Aim of the task
Exact copy, pictures excluded: the lines from the one containing "yüzümüz halka dönüktür." to the end of the listing.

*** Opening of Entries supplied ***

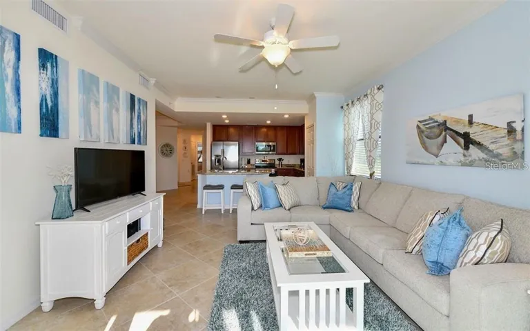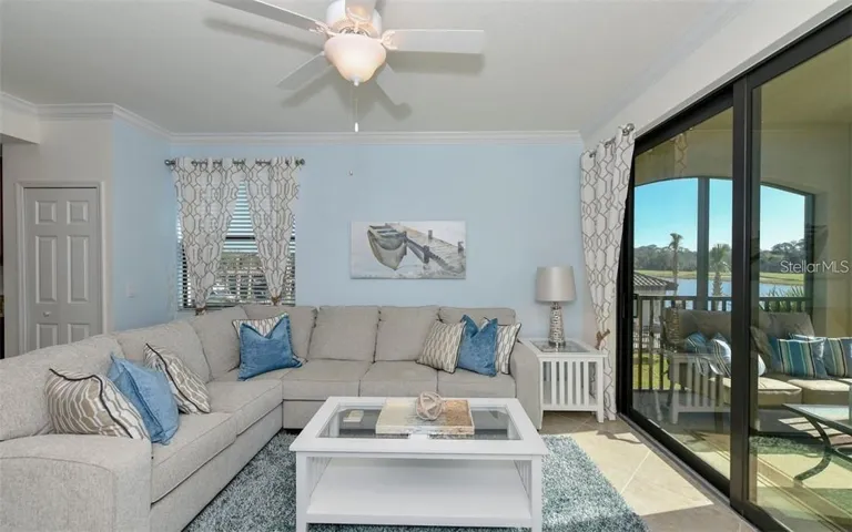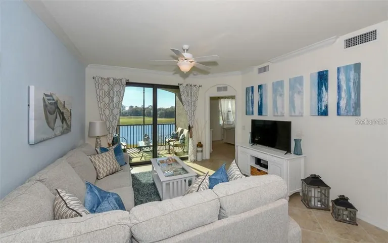 Stunning three-bedroom two-bathroom condo end unit, light, bright and professionally decorated with coastal chic furnishings on the second floor of the sought after golf community of Lakewood National. Enjoy gorgeous views of the golf course as you enter this lovely condo. Plenty of room for the whole family. King bed in master with ensuite bath, queen bed in second bedroom and twin beds in the third bedroom. Just steps to the satellite pool. Enjoy hours of entertainment as you enjoy meals, entertain guests and watch the golfers navigate the new Arnold Palmer designed 36-hole golf course! Enjoy resort style living and state-of-the-art amenities such as: CLUBHOUSE WITH RESTAURANT AND TIKI BAR, FITNESS CENTER, RESORT STYLE SWIMMING POOLS WITH OUTDOOR GRILLE AND POOLSIDE SERVICE, A FULL-SERVICE SPA , TENNIS, PICKLE BALL COURTS AND MORE! Golf Membership transfer available. $65.00 monthly min. expenditure is required at the on-site Tiki Bar/Restaurant (Alcohol Excluded). Easy access to I-75, local shopping and dining, University Parkway, Sarasota Airport and all that Lakewood Ranch has to offer. ALL UTILITIES INCLUDED WITH MONTHLY CAP!
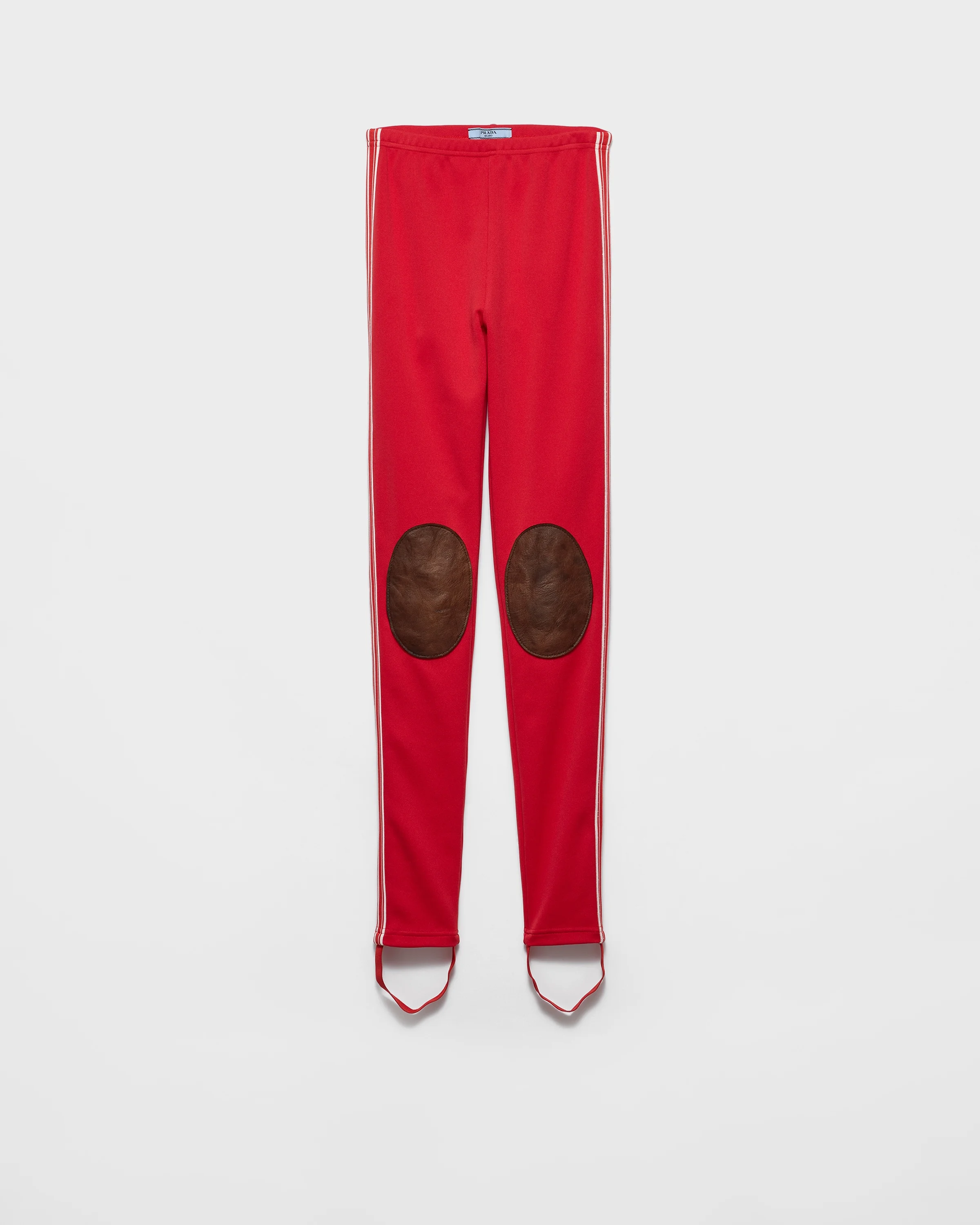 A slim fit and iconic details: leather patches and racing stripes reveal the encounter between functionality and contemporary style. - Product code: 132415_18VX_F0011_S_OOO - Slim fit - Elasticized waistband - Sartorial logo label on the back - Elasticized stirrup - Knit racing stripe on the sides - Leather patches - Imported - The model is 180 cm tall and wears a size 38 Height: 100cm MATERIALS Main material: 100% polyester
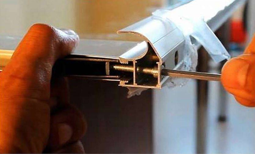 Просто вставьте в пазы профиля части наполнения и пристукните по торцу
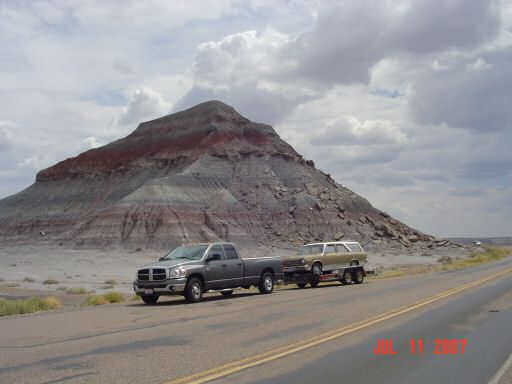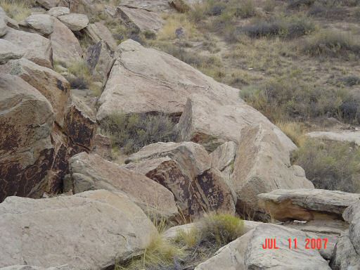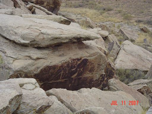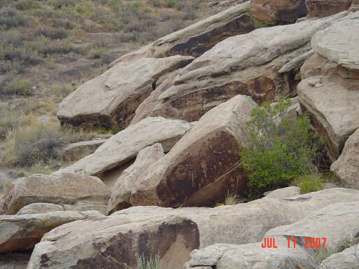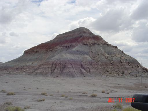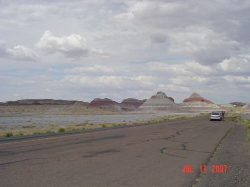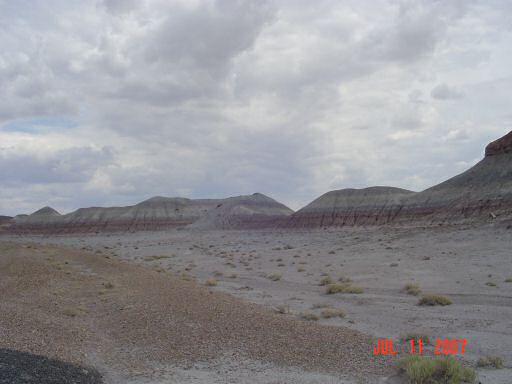 Petrified Forest and Painted DesertThe painted desert gets its name from the brightly colored layers of red sandstone mixed in with layers of gray on a backdrop of light green desert brush. After endless miles of barren desert, this is quite a site to behold. This area was also settled by several different native tribes over the centuries. One of those tribes, the Puerco Pueblo (ca. 1200 - 1300 AD), left a series of pictographs. The purpose of many of them are not known but several have been found to correspond with seasonal events such as the solstices and equinoxes.
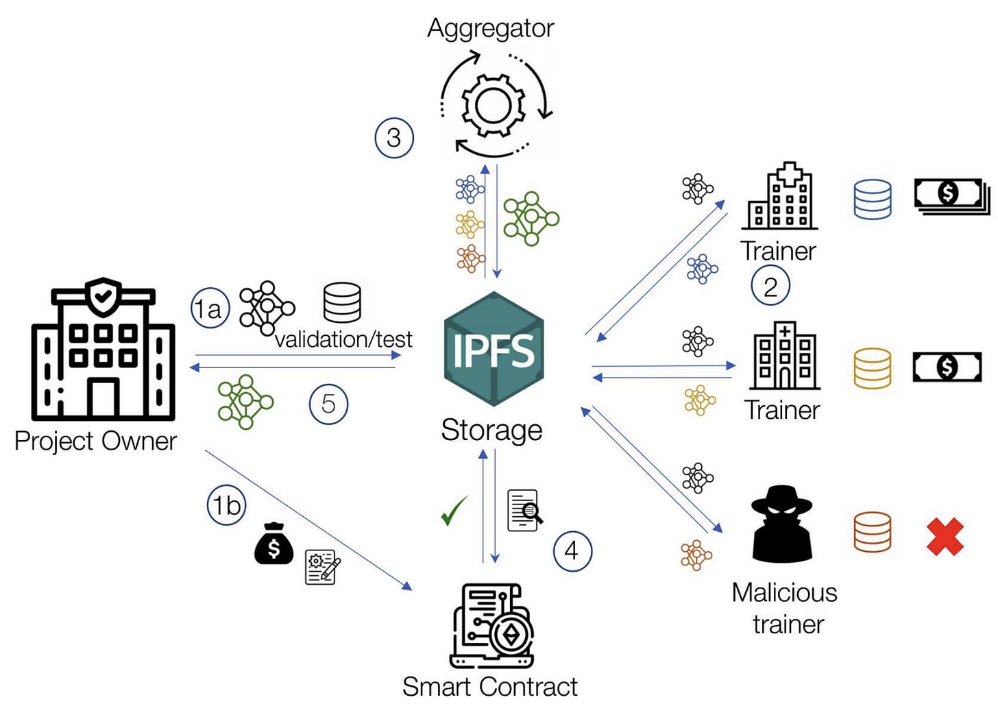 Proof-of-Intelligence(PoI)是ChainOpera在CoAI協(xié)議下提出的核心共識(shí)機(jī)制,旨在為去中心化AI構(gòu)建提供透明、公平且可驗(yàn)證的激勵(lì)與治理體系。其基于Proof-of-Contribution(貢獻(xiàn)證明) 的Blockchain協(xié)作機(jī)器學(xué)習(xí)框架,旨在解決聯(lián)邦學(xué)習(xí)(FL)在實(shí)際應(yīng)用中存在的激勵(lì)不足、隱私風(fēng)險(xiǎn)與可驗(yàn)證性缺失問(wèn)題。該設(shè)計(jì)以智能合約為核心,結(jié)合去中心化存儲(chǔ)(IPFS)、聚合節(jié)點(diǎn)和零知識(shí)證明(zkSNARKs),實(shí)現(xiàn)了五大目標(biāo):①按貢獻(xiàn)度進(jìn)行公平獎(jiǎng)勵(lì)分配,確保訓(xùn)練者基于實(shí)際模型改進(jìn)獲得激勵(lì);②保持?jǐn)?shù)據(jù)本地化存儲(chǔ),保障隱私不外泄;③引入魯棒性機(jī)制,對(duì)抗惡意訓(xùn)練者的投毒或聚合攻擊;④通過(guò)ZKP確保模型聚合、異常檢測(cè)與貢獻(xiàn)評(píng)估等關(guān)鍵計(jì)算的可驗(yàn)證性;⑤在效率與通用性上適用于異構(gòu)數(shù)據(jù)和不同學(xué)習(xí)任務(wù)。
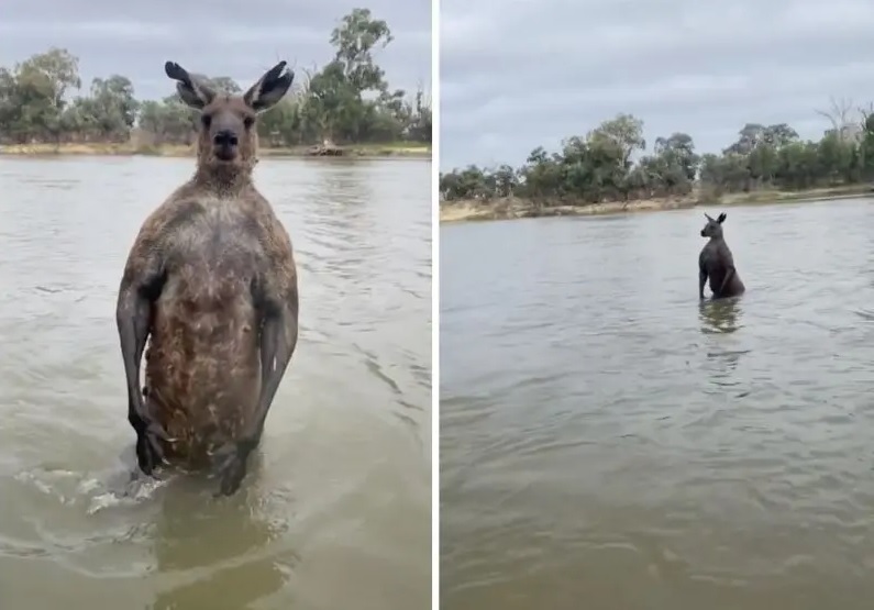 ماه اکتبر، مردی ویدیویی از کانگورویی گرفت که سعی داشت یک سگ خانگی را غرق کند. پس از اینکه این کانگوروی خاکستری نر شرقی (Macropus giganteus) سر هاچی را زیر آب نگه داشت، میک مولونی (صاحب سگ) مجبور شد سگش هاچی را از رودخانه موری در ویکتوریای استرالیا نجات دهد. مولونی توانست هاچی را نجات دهد اما به خاطر تلاشهایش از کانگورو یک مشت خورد. این نخستین باری نیست که کانگوروها با سگها اینگونه رفتار میکنند. احتمالاً این جانور کیسهدار فقط به دنبال امنیت خودش بوده است. کانگوروها یاد گرفتهاند برای دفاع از خودشان در برابر حملات سگها، به درون آب بپرند.
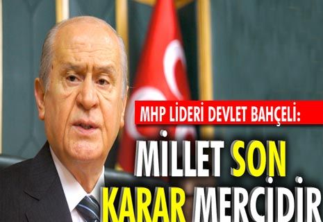"Meclis Genel Kurulu'nda 18 madeleik anayasa değişiliğiyle görüşmelere 9 Ocak'ta başlamış, 21 Ocak'ta sonuçlandırmıştık. Meclis parti grubumuza toplantılarımıza ara vermiştik. MHP her türlü engelleme ve karşı saldırılara rağmen milletine hizmet etmenin gururuyla yoluna devam etmektedir. İradesizler azgınca faaliyettedir. Milletten kaçanların karanlık emelleri faaldir. Bu çevreler hoplasalar da zıplasalar da Türk milletinin egemenlik haklarına ambargo koyamayacaklardır. Millet son karar mercidir. Millet hükmün sahibidir. Milliyetçi Hareket lobilerin, kulislerin, kaymak tabakaların partisi değil. Bizim yönümüz Hakka, yüzümüz halka dönüktür.
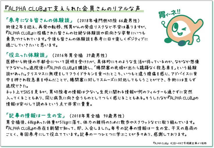 『ALPHA CLUB』の情報はとても役立ち、また、会の40周年企画「胃を切った人のお弁当」は、嬉しいニュースでした。

*** Close of Entries supplied ***

Solution
"Meclis Genel Kurulu'nda 18 madeleik anayasa değişiliğiyle görüşmelere 9 Ocak'ta başlamış, 21 Ocak'ta sonuçlandırmıştık. Meclis parti grubumuza toplantılarımıza ara vermiştik. MHP her türlü engelleme ve karşı saldırılara rağmen milletine hizmet etmenin gururuyla yoluna devam etmektedir. İradesizler azgınca faaliyettedir. Milletten kaçanların karanlık emelleri faaldir. Bu çevreler hoplasalar da zıplasalar da Türk milletinin egemenlik haklarına ambargo koyamayacaklardır. Millet son karar mercidir. Millet hükmün sahibidir. Milliyetçi Hareket lobilerin, kulislerin, kaymak tabakaların partisi değil. Bizim yönümüz Hakka, yüzümüz halka dönüktür.
 『ALPHA CLUB』の情報はとても役立ち、また、会の40周年企画「胃を切った人のお弁当」は、嬉しいニュースでした。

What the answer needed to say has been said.